(Work item) Copy the data below exactly, but not the pictures it contains.

(Exercise data)

=== Begin Enclosure ===

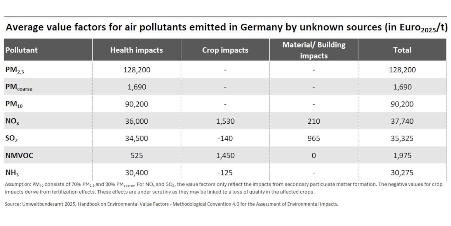 Air pollutants also affect ecosystems and biodiversity. However, due to the difficulties in assessing biodiversity impacts, the current value factors do not incorporate these effects. Hence, they should be interpreted as rather conservative estimates of the actual impacts of air pollution.
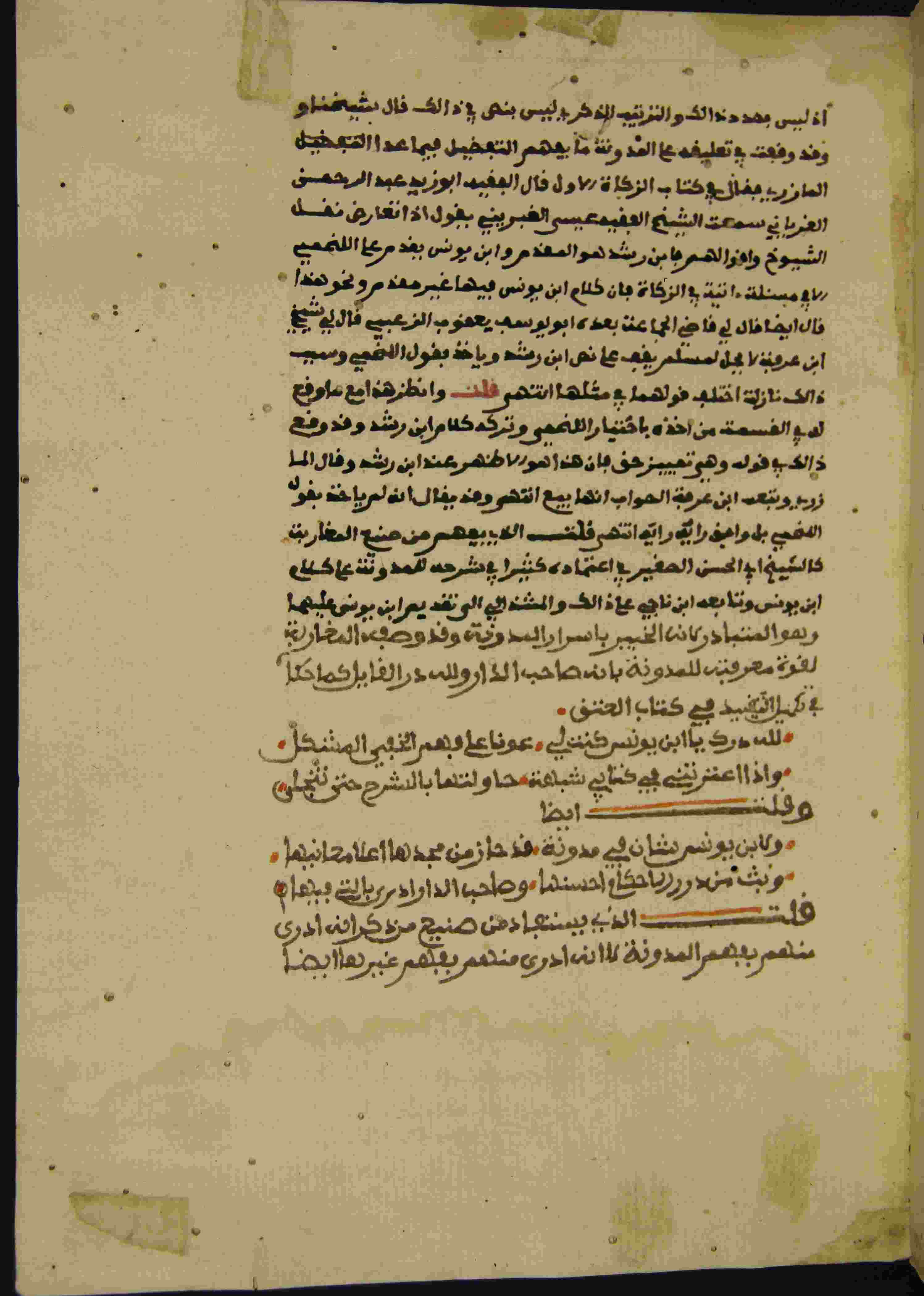 | Description: | أوله : " بسم الله الرحمان الرحيم وصلى الله على سيدنا محمد وعلى آله وصحبه وسلم كلما ذكرك الذاكرون وغفل عن ذكرك الغافلون قال الناصر اللقاني لما كان تأليف هذا الكتاب..."/آخره : " فقلت الذي يستفاد من صنيع من ذكر أنه أدرى منهم بفهم المدونة كأنه أدرى منهم بفهم غيرها أيضا "، نوع الخط مغربي، التجليد عادي، حالة المخطوط جيدة، عليه تعليقات في الحواشي، عليه تمليكات الونيسي رجب سنة 1288هـ.، بداية المخطوط في الورقة الثانية، نهاية المخطوط في الورقة 178، المخطوط مرقمن، رقم المخطوط 730 م، مصدر المخطوط : زاوية الشيخ الحسين سيدي خليفة (ميلة) ؛ المراجع والمصادر : معجم المؤلفين (11/ 167)، كشف الظنون (2/ 1628). |
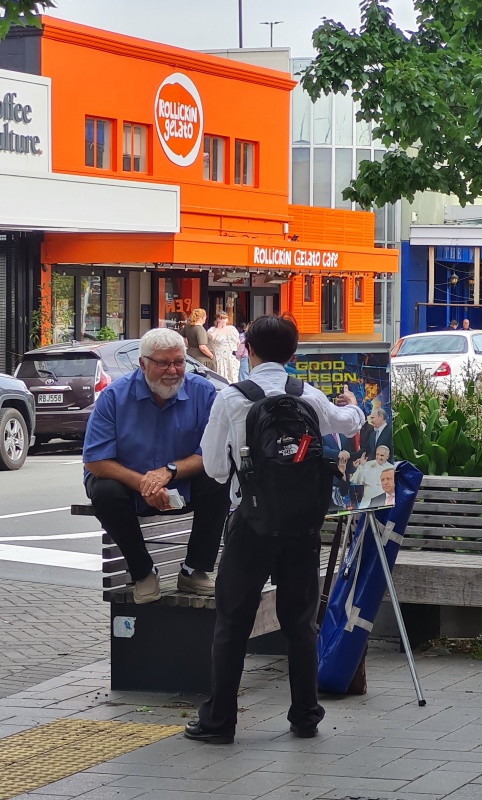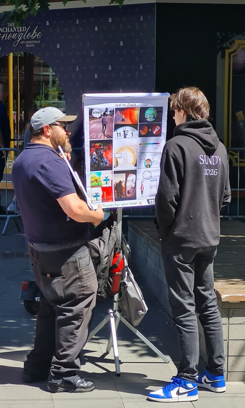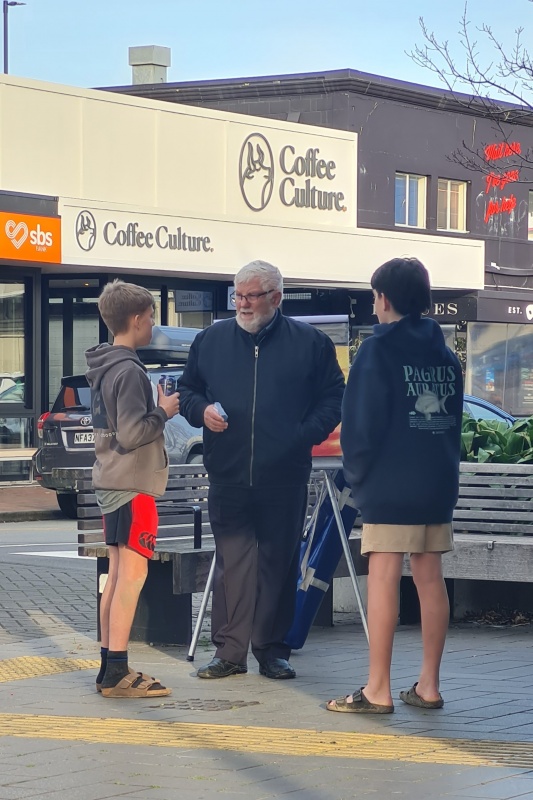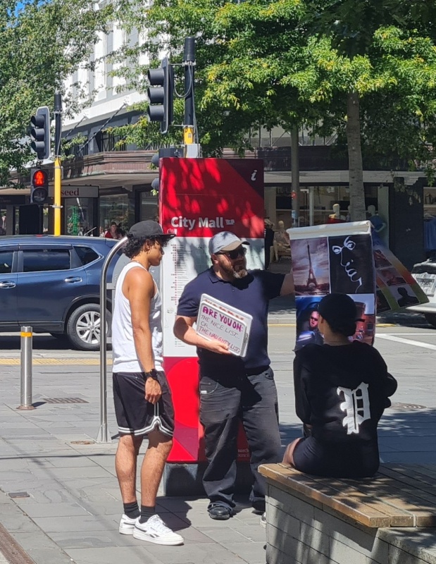 I enjoyed going through the photos for this month's report. There weren't as many as I haven’t been on the streets as much as usual, and all the photos I had were from the Riccarton outreach. All 4 photos (that I’ve included) were taken on the same spot. Roger, with his flip chart. What I like about it is that, as you flick through the photos, it makes you realise how many people you can reach just by going to the same spot for a couple of hours each week. Sure, 1 week might be a bit slower than the next week, but, if you are diligent, then over time you can reach a lot of people.

=== End Enclosure ===

(Answer space)
 Air pollutants also affect ecosystems and biodiversity. However, due to the difficulties in assessing biodiversity impacts, the current value factors do not incorporate these effects. Hence, they should be interpreted as rather conservative estimates of the actual impacts of air pollution.
 | Description: | أوله : " بسم الله الرحمان الرحيم وصلى الله على سيدنا محمد وعلى آله وصحبه وسلم كلما ذكرك الذاكرون وغفل عن ذكرك الغافلون قال الناصر اللقاني لما كان تأليف هذا الكتاب..."/آخره : " فقلت الذي يستفاد من صنيع من ذكر أنه أدرى منهم بفهم المدونة كأنه أدرى منهم بفهم غيرها أيضا "، نوع الخط مغربي، التجليد عادي، حالة المخطوط جيدة، عليه تعليقات في الحواشي، عليه تمليكات الونيسي رجب سنة 1288هـ.، بداية المخطوط في الورقة الثانية، نهاية المخطوط في الورقة 178، المخطوط مرقمن، رقم المخطوط 730 م، مصدر المخطوط : زاوية الشيخ الحسين سيدي خليفة (ميلة) ؛ المراجع والمصادر : معجم المؤلفين (11/ 167)، كشف الظنون (2/ 1628). |
 I enjoyed going through the photos for this month's report. There weren't as many as I haven’t been on the streets as much as usual, and all the photos I had were from the Riccarton outreach. All 4 photos (that I’ve included) were taken on the same spot. Roger, with his flip chart. What I like about it is that, as you flick through the photos, it makes you realise how many people you can reach just by going to the same spot for a couple of hours each week. Sure, 1 week might be a bit slower than the next week, but, if you are diligent, then over time you can reach a lot of people.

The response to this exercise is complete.